Once the CFA image has been read from the device sensor, the first of possibly many noise reduction operations is performed. While the name of this operation carries an obvious meaning and intent, noise reduction is a far subtler and sophisticated task than one might presume. From the HVS perspective, not all kinds of noise are equally important, and married with the additional HVS perspective that not all kinds of scene features are equally important, the noise reduction task now becomes one of modifying the aggressiveness of the cleaning process to respect the integrity of the underlying scene detail that is visually most important. At the same time, the effectiveness of the noise reduction operation must be ensured. After the camera sensor reads the CFA image, noise reduction operations are performed. The noise reduction is a very sophisticated task because not all kinds of noise are equally valued. The algorithm should retain details of the scene which are visually important. After noise reduction, the white balancing operation is performed. The chromatic adaption of the HVS is simulated here. This means that irrespective of the illuminating light the white paper should look white.

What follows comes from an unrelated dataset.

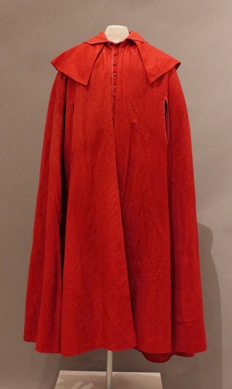 Turkey red light weight wool cloak; collar, short cape around shoulders, no yoke; inverted box pleat center back with six smallish pleats to regular box pleat (1" wide) at shoulders and two pleats thereafter to opening; inside is another piece which is approximately elbow length; closes with eight red linen covered buttons; buttons holes are finished with a gold colored thread and the edge is bound with red linen; hook and eye closure on the outer layer of the hood at the neck; the hem and edge of opening are hemmed; collar edged with linen; tape for hanging back of neck has torn

In digital image processing, Demosaicing is the most distinctive image processing operation. Most cameras have a single sensor covered with a CFA to reduce cost and size. Due to restriction by CFA the pixel in the sensor captures a single colour, typically red, green and blue. The job of demosaicing is to restore the two missing colour channels as three colour channels are required to describe a colour. To archive this, we need to take benefit of the correlation between neighbouring pixels.
Colour corrections role is to alter the non-standard colour data into a standard colour space. This process assures that the image is appropriately shown on display devices. Brightness adaption mechanism of the HVS is simulated tone scaling. As the displays are dimmer by a number of magnitudes tone scaling makes sure that the outdoor lighting scene looks correct. Edge enhancement is responsible for amplifying the real image details and not image noise. Mathematical redundancies are considered in order to reduce the size of an image file. No information is lost as the compression is lossless. After this step, an RGB file is generated which is stored on the device.